Many will tell you that it is an e-discovery best practice to classify document families consistently and that “parent child relationships” (such as emails and attachments) should be preserved during document production in litigation.
But should you take a “best practice” at face value because an e-discovery blog suggests that it is so? Truth is, although we think it is a good idea, there is no hard and fast rule. But, there are a few legal arguments to support producing document families intact. Bottom line: it is probably best to agree with opposing counsel ahead of time about production of document families during discovery.
What is a Document Family?
A document family is two or more related documents that are grouped together. The most common example of a document family is an email message with an attachment. The email message is the parent and the attachment is the child.
Why is it a “Best Practice” to Categorize Document Families Consistently?
As discussed below, a main reason to produce document families intact is because under rules of civil procedure, documents are to be produced as they are kept in the normal course of business. For that reason, it is also generally a good idea to tag document families consistently. That is, if an attachment is relevant to a legal matter, its corresponding transmittal email should probably also be marked responsive.
Efficiency is also another reason to tag document families consistently.
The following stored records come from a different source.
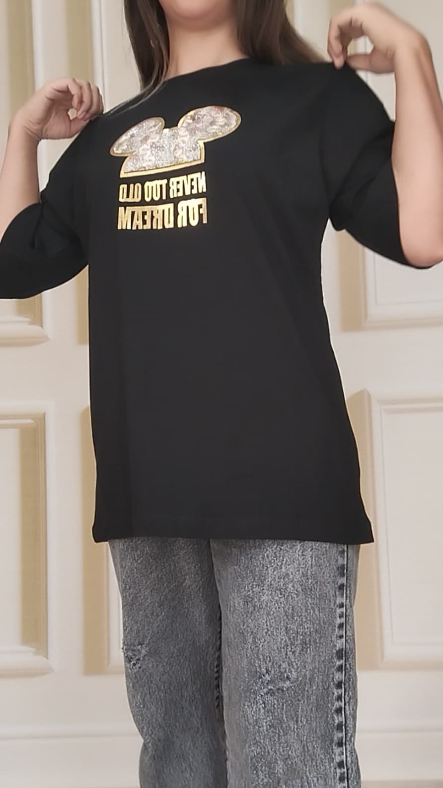 تیشرت زنانه لانگ نخ پنبه طرح MIRKEyS
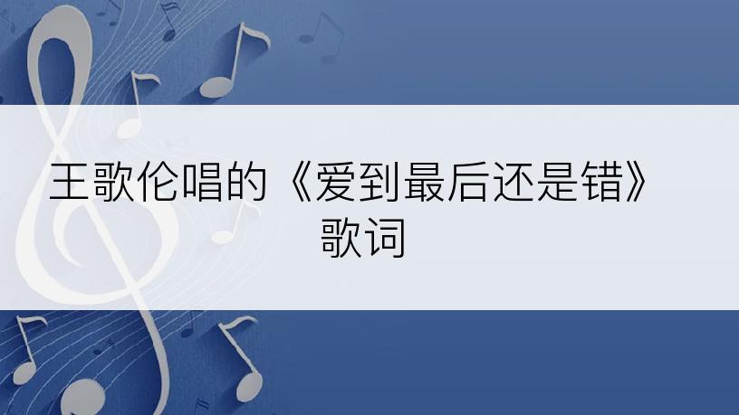 《爱到最后还是错》 是王歌伦演唱的歌曲,时长03分43秒,如果您对这首歌曲歌词比较中意,那我们就一起来学习和分享这首歌曲歌词吧!
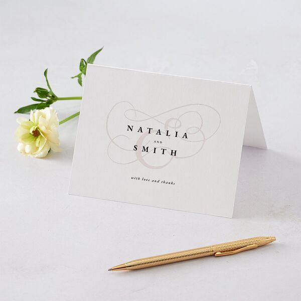 These elegant folded thank-you cards feature an ornate ampersand design, with your names and thank-you message displayed in looping and serif fonts at the center. These personalized thank-you cards will complement the sophisticated flourish of your invitation suite and come in a variety of light and dark color options.
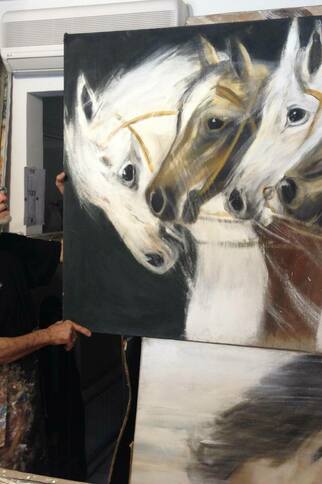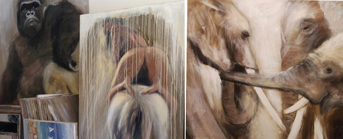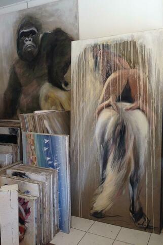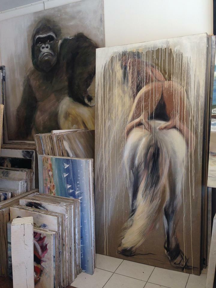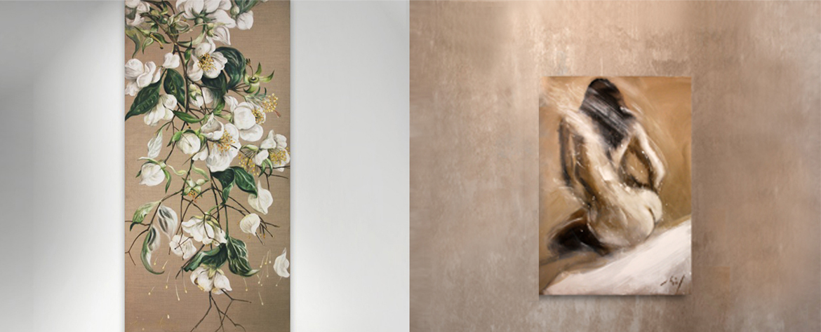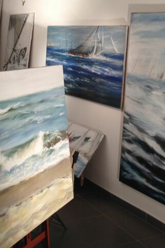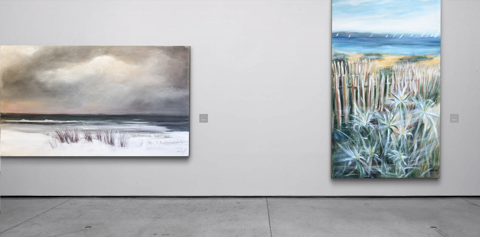 Chacun son style, chacun son mur à la galerie. Féminité et audace se dégagent des peintures de Josiane, tandis que Gérard, masculinité, jette du blanc sur ses toiles en utilisant le style «sfumato» dynamique : mer, animaux sauvages, paysages de son pays – golfe de Saint-Tropez.
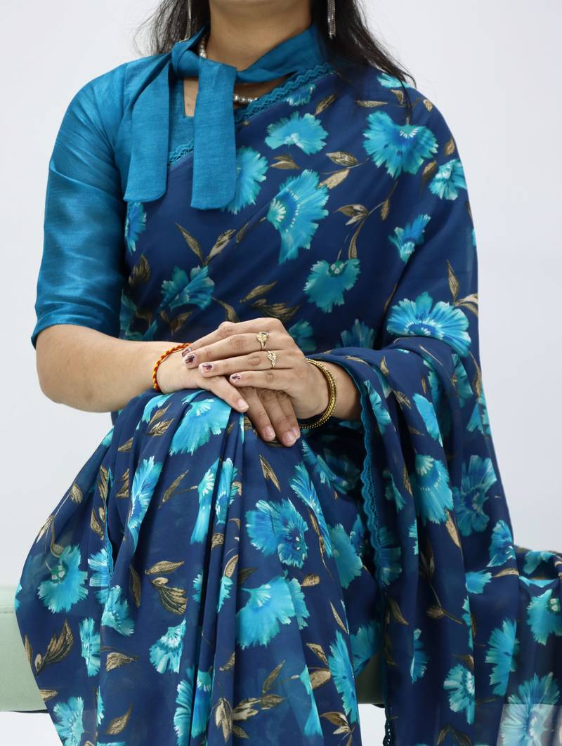 | Product Name | Sky Blue Georgette Saree With Floral Lace Unstitched | |

Most e-discovery document review platforms permit users to tag families in bulk. So, rather than marking each document individually, e-discovery software permits users to tag all documents in a family with the push of a button. This obviously saves review time.
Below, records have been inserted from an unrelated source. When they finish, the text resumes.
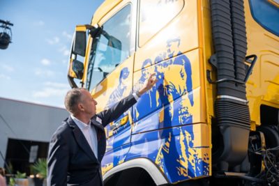 À l’occasion des 80 ans de l’entreprise, Volvo Trucks a tenu à marquer le coup avec une surprise de taille : la livraison d’un Volvo FH16 flambant neuf, décoré d’un habillage événementiel autour des 80 ans de l’entreprise. Une initiative imaginée par Morgan Manac’h avec la complicité des proches de Bertrand et de l’équipe communication, et réalisée par Oyat Design, qui a profondément touché le dirigeant.
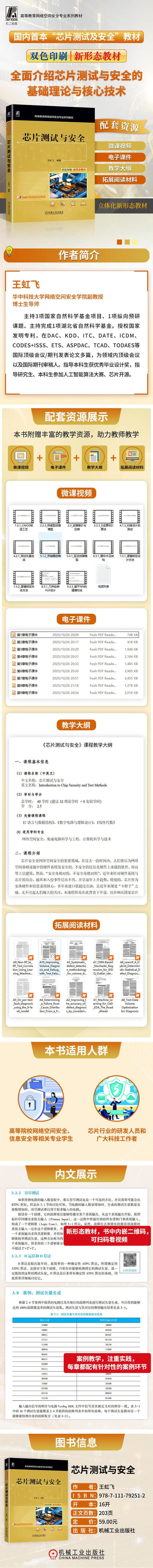 本书适合作为高等院校网络空间安全、集成电路、计算机科学与技术、电子信息工程等相关专业高年级本科生、研究生的教材,也可供芯片测试与安全行业的研发人员和广大科技工作者参考。
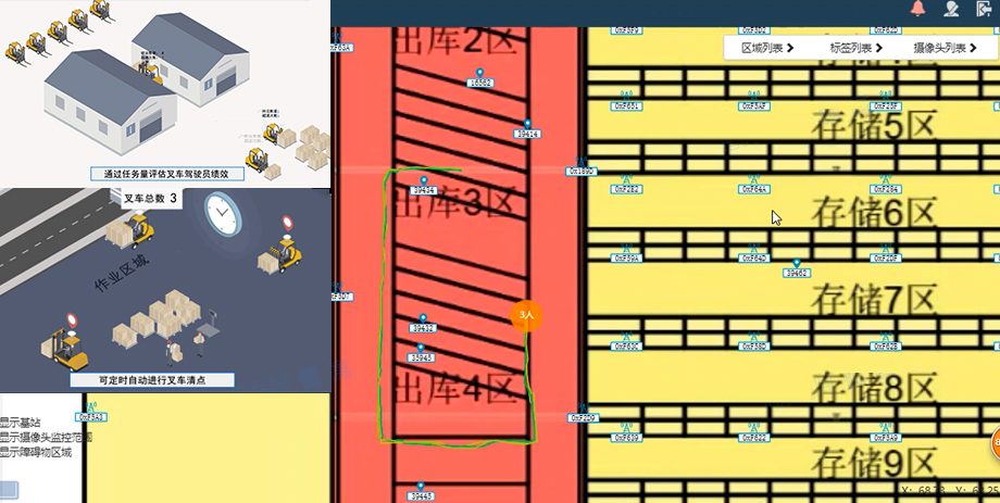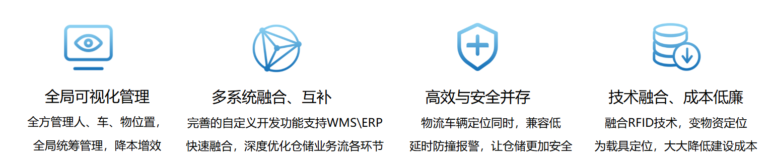 仓储物流UWB定位系统,采用UWB定位技术,通过在仓储物流区部署一定数量的定位基站,仓储物流区重要物资加装UWB定位标签,可直接实现对重 要物资的实时定位管理。车辆加装定位防撞基站或定位标签,对车辆的实时位置进行精确监控,结合车辆调度系统,可以实现仓储物流区内,车辆进行状态 监控和调度管理。库内载具加装定位标签,结合RFID或条码信息,配合PDA扫码配对,可提高仓储物流管理中出入库、移库等环节的自动化程度,提高个业务环节效率。

Tagging document families consistently during document review is a good practice because maintaining parent-child relationships is often specifically requested by litigation opponents. Even if not specifically requested, producing attachments with corresponding emails will cut down on calls from opposing counsel to supplement a document production. Also, withholding document family members may raise eyebrows and call the completeness of a document production into question.
Even if logistically it is best to tag and produce document families together, is it required by court rules or case law? As with all great legal questions, the answer is maybe.
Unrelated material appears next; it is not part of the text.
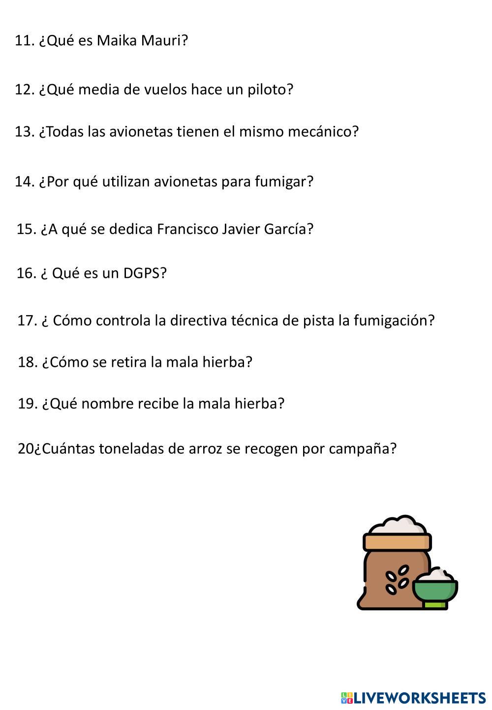 Created byCristina Marín Contreras Lengua Castellana Comprension oral Age 11-15 level: 5º Spanish คำแนะนำของผู้เขียน My Google Classroom Courses × 0 classes selected (0 students total) Quick Access Select all classes (0 classes) All Classes Loading courses... ยกเลิก Share Share to selected Course __COURSE_NAME__ __STUDENT_NAME__ (__STUDENT_EMAIL__) EL CULTIVO DEL ARROZ EN LA MARISMA DE DOÑANA ดาวน์โหลด Worksheet Validation Check my answers Emails my answers to my teacher ชื่อเต็ม Group/level School subject Teacher's email or key code Close ส่งข้อมูล Validating worksheet... (12) Your answers have been sent to your teacher. Good luck! OK We encountered an error submitting your answers. Please try again. OK โฆษณา | ใช้งานแบบไม่มีโฆษณา Created byCristina Marín Contreras Lengua Castellana Comprension oral Age 11-15 level: 5º Spanish คำแนะนำของผู้เขียน

The Real Best Practice? Agree Ahead of Time About Document Families.
Case law addressing the production of document families during e-discovery is sparse, but there is at least one well reasoned and thoughtful opinion out there: Abu Dhabi Commercial Bank v. Morgan Stanley Co., Inc., No. 08-Civ. 7508 (S.D.N.Y. Aug. 18, 2011). The opinion examines the pros and cons of producing document families together and ultimately concludes that in the end, “the best practice is for parties to discuss the production and logging of e-mails and attachments as singular or separate items in advance of production and to reach agreement as to the treatment of e-mails and attachments for responsiveness and privilege purposes.”
Similarly, another court pointed out that rather than agreeing to categorize and produce document families uniformly, “parties may agree to a more onerous, time-consuming, and expensive page-by-page or section-by-section designation procedure, but [courts should not] require it in the absence of an agreement or a demonstrated failure to designate in good faith.”
Under Evidence Rules, Documents May Have to Be Considered as a Whole
As noted in the Abu Dhabi opinion, one argument supporting production of e-mail messages with attachments is found in rules of evidence, such as Federal Evidence Rule 106, stating that if a part of a document is used as evidence, the party offering it may have to produce the entire document if it “ought in fairness” be considered as a whole.
Documents are to be Produced as Kept in Ordinary Course of Business
Probably the most obvious legal authority for production of entire document families in e-discovery is found in Fed. R. Civ. Proc. 34 and its state counterparts requiring production of documents “as they are kept in the usual course of business. . . .” Rule 34 also states that if a party does not specify a desired format for the production of electronically stored information (ESI), documents must be produced “in a form or forms in which it is ordinarily maintained or in a reasonably usable form or forms.”
Generally, in the usual course of business, emails are maintained on email servers and messages and attachments are kept together. See, for instance, PSEG Power NY v. Alberici Constructors, Inc., 1:05-CV-657 (N.D.N.Y. Sep. 7, 2007), in which the court noted, “[n]ormally, one would expect that an email and its attachment would have been kept together in the regular course of business, and the production of said documents would have followed suit.”
Different Considerations for Privileged Documents
However, the distinction between producing responsive document families versus privileged documents in a document family should be noted. For instance, a CEO might forward a vice president a confidential legal memorandum drafted by company attorneys. While the transmittal email may not be privileged, the memo may very well be, and if so, should be withheld from a document production.
So, what is the takeaway? Consider addressing the handling of document families during Rule 26(f) and early case discovery conferences. Also consider requesting full document families directly in document requests or subpoenas.